Quatorze pour cent des voix peut paraître peu pour un courant qui pèse au moins le tiers de l’électorat français, mais à Paris, cela signifie beaucoup.

 Ville multiculturelle et concentrant une grande partie de la population d’origine immigrée dans sa périphérie et ses banlieues, la capitale française vote historiquement à gauche ou pour la droite traditionnelle. 

Ce sont les voix de Paris qui manquaient jusque-là au courant extrémiste. 

Une comparaison avec les dernières municipales permet d’illustrer l’importance des résultats du sondage de cette semaine et l’évolution du RN : en 2020, le candidat du parti des Le Pen avait fait à peine 1,5%. 

En six ans, le RN a fait une évolution fulgurante, passant à 7% des intentions de vote, et même au double en cumulant les voix du parti d’Eric Zemmour.  

France : montée inquiétante du courant extrémiste à Paris 

Les conséquences pourraient être d’abord sur la configuration du prochain conseil de Paris où 10% des voix sont nécessaires pour siéger. 

Avant même la publication du sondage, le sénateur communiste de Paris Ian Brossat a alerté sur le risque de voir la ville gérée par une alliance de droite et extrême-droite si aucune liste n’obtient la majorité absolue. 

Les déclarations de nombreux personnages des LR et du RN le laissent penser et les observateurs décèlent chaque jours des signes de ”porosité” entre les deux camps qui, sur plusieurs questions comme l’Algérie, l’immigration, l’islam ou la colonisation, ne font plus qu’un désormais.  

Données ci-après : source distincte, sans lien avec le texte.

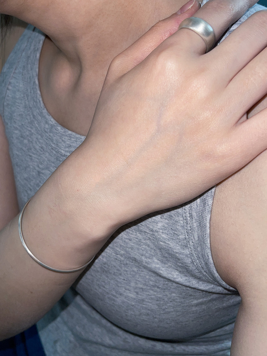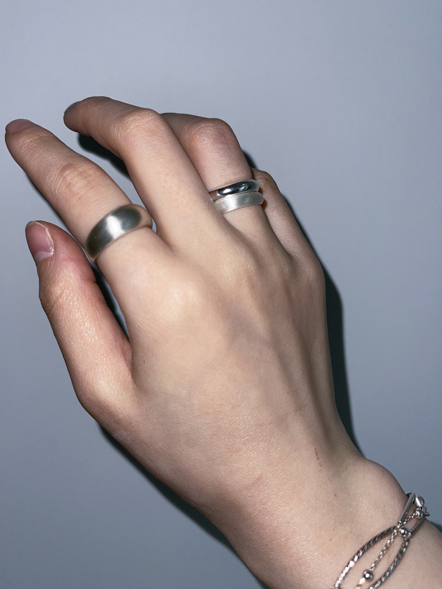 볼록한 내부를 채우지 않아 무겁지 않고, 마감 퀄리티가 높아 착용감이 좋은 반지입니다.

“Le cordon sanitaire semblait solidement ancré dans notre culture politique. Pour combien de temps ?”, s’alarme pour sa part le journal de gauche Libération. 

Paris et sa région constituent un enjeu crucial pour l’extrême-droite. Le journal Le Monde rappelait en février dernier qu’au lendemain des législatives de l’été 2024, un délégué du RN s’est plus réjoui de la première place décrochée à Plessis-Robinson, “la seule des trente-six villes des Hauts-de-Seine à avoir placé le parti extrémiste en tête”, que du record national de plus de 31% des voix réalisé par la liste menée par Jordan Bardella. 

Ceux qui s’inquiètent de cette montée de l’extrême-droite dans la capitale française songent évidemment aux législatives et à la présidentielle 2027.

 Les chiffres dévoilés signifient tout simplement que ce courant est en train de conquérir le dernier fief, le plus important, qui se dressait sur sa route vers le pouvoir. 

Le dernier verrou psychologique risque de sauter. 

Aussi, si Paris se met à votre RN ou Reconquête, ce serait un argument politique de moins à opposer au discours extrémiste.

 Jusque-là, il est relevé avec justesse que ceux qui connaissent et côtoient les immigrés ne cèdent pas aux mensonges du courant xénophobe sur l’immigration.